Three months ago, the Democrat-controlled federal government decided to spend some more money the country didn’t have on the states in a last-ditch bid to buy and activate support from some traditional constituencies, including teachers’ unions as almost half of the appropriations went an Education Jobs Fund to which states could apply to retain educators’ jobs. Louisiana applied and got $147 million.
After an interval during which local school districts were led to believe the money would arrive for them this fiscal year, the Jindal Administration decided to save the money for higher education for next year, by a complex shuffling of money from fund to fund. Because of the previous acceptance of federal funds for higher education, which apparently will not be available for this upcoming fiscal year, $68 million had to be there for higher education to fulfill requirements for use of the money already spent or intended to be spent. The remainder the Jindal Administration hoped to spend on higher education next year.
But for the fund shunting to occur and the money added to this year’s budget, this appropriations change had to be approved, as the entire Legislature is not in session, by its Joint Legislative Committee on the Budget, a panel composed of members of each chamber’s money committees plus the chairmen of another important committee from each, which routinely accepts these changes. Composed as such, currently it is split almost evenly between Democrats and Republicans, given the chambers’ partisan balances.
So it wouldn’t take much for frustrated Democrats on the committee to relish a chance to stick it to Jindal. Several openly loath his attempts (with partial success) to hold down spending that contradicts their big government impulses, and especially resent his curtailing one of their main sources of electoral leverage, members’ amendments, with his line item veto power and its threatened use. Combine them with a few Republican members friendly with the traditional special interests that run elementary and secondary education in the state (some with backgrounds in it), and there were more than enough votes there to use only the $68 million for higher education next year, and to pump the other $79 million into state schools now.
However, likely this is not a novel assertion of legislative power; rather, it’s a one-off episode. This was a very narrowly-defined issue with plenty of time to investigate the public policy ramifications, among themselves and in public. The coming situation where thousands of line items and so many unknowns about hundreds of revenues and expenditure sources get dumped like a waterfall on legislators over just a few weeks always brings the advantage to the governor who has the staff to understand much better options and implications, as well as the veto power on which the Legislature never has used its override ability on any appropriation.

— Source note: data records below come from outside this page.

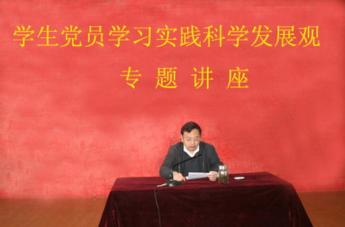 首先,韩书记从充分认识开展学习实践科学发展观活动的重大意义、正确把握学习实践活动的指导思想、主要原则和目标要求等方面,通过在我们身边正在发生的和已经发生的时事热点问题向同学们解释了学习实践活动的三个总体要求、三个着力点和三个学习阶段的任务。韩书记还特别强调,学习实践活动的三个阶段历时半年,是对党员干部的洗礼,更是对学院办学理念和工作思路的梳理。韩书记深情地谈到我们学院办学有三十多年的历史,升格为高职也有八年之久这一实际情况,希望广大学生党员能够在学习实践活动中多给学院建言献策,和学院共同发展。
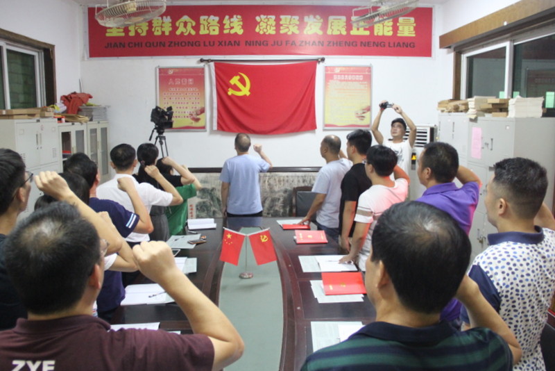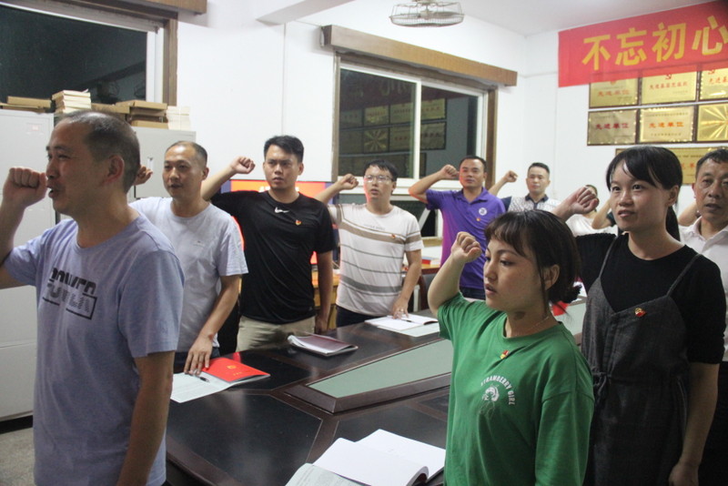 会上,党员们全体起立,举起握拳右手,重温入党誓词,庄重严肃,音色铿锵。
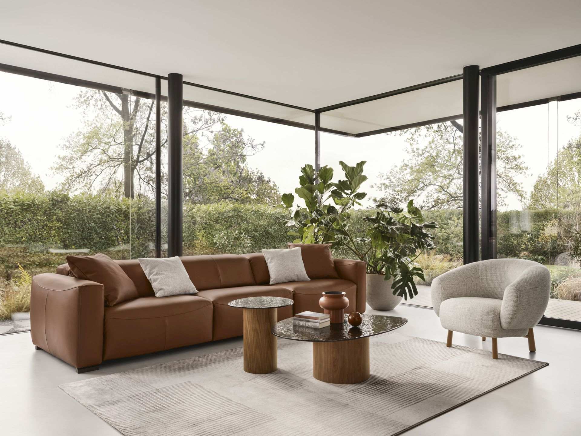 Do łask wraca także klasyka w nowoczesnym wydaniu, szczególnie sofy wykonane z brązowej skóry. To ponadczasowy materiał, który zyskuje obecnie nową odsłonę, czyli matowe, naturalnie starzone wykończenia. Miękkość skóry sprawiają, że skóra staje się elementem ocieplającym wnętrze, a nie dominującym. Brązowa skóra dodaje pomieszczeniu charakteru, wprowadzając jednocześnie nutę luksusu, elegancji i historii. Jej popularność rośnie zarówno w przestrzeniach nowoczesnych loftów, jak i w klasycznych aranżacjach, inspirowanych stylem vintage.

Yet the incident might convolute the process negatively. Jindal cannot act petulantly by using the incident as an excuse not to provide the leadership only available from his office in this time of budgeting stress in order to put the onus on the Legislature. For their part, legislators cannot see this as an encouragement to sabotage for political purposes only leadership emanating from Jindal, especially tempting as this is an election year; opposition should come only when it is constructive and assists in hammering out a budget without bad consequences in a period of declining revenue. Failure to operate in the proper spirit is going to make for a bad situation all around.
1 comment:
Another typical boring Jeff Sadow post. A bunch of puffery for the man he unquestioningly worships, Jindal, teamed with a couple of unsupported swipes at liberals that harkens of conspiracy theories. Take this choice quote: "Three months ago, the Democrat-controlled federal government decided to spend some more money the country didn’t have on the states in a last-ditch bid to buy and activate support from some traditional constituencies."

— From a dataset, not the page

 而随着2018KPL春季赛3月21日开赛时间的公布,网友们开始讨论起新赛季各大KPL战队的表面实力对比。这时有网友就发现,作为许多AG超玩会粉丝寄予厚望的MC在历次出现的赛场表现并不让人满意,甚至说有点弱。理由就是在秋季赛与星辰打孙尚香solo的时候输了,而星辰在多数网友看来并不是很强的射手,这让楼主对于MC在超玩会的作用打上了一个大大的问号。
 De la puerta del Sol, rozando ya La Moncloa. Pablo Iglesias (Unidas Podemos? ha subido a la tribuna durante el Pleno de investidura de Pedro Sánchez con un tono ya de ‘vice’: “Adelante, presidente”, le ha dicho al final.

Deeply ridiculous in many ways, but lets just consider for a moment that in Jeff's world, the Obama policies were not designed at all with the economy in mind, it was just a series of secret, Machievellian bribes. It overlooks the overwhelming support of economists worldwide (both conservative and liberal, except for the small, well-paid conservative think-tank "economists" in this country) in support of stimulus in this context. It's deeply dishonest and stupid, of course. Consider the huge chunk of the stimulus that was given to states to dispense according to each state's internal decision. You'll notice that these payments weren't targeted to blue or battleground states to win support. Much was heaped on red states, which thanked Obama by hosting an endless pity party of victimization and scorn. In the real world, Jeff, the stimulus (which I opposed) was designed to help the economy. But your delusion is so gripping that you can only imagine this middle-of-the-road politician as some sort of Soviet/Islamist monster hellbent on ruining the economy to pave the way for UN takeover and sharia law.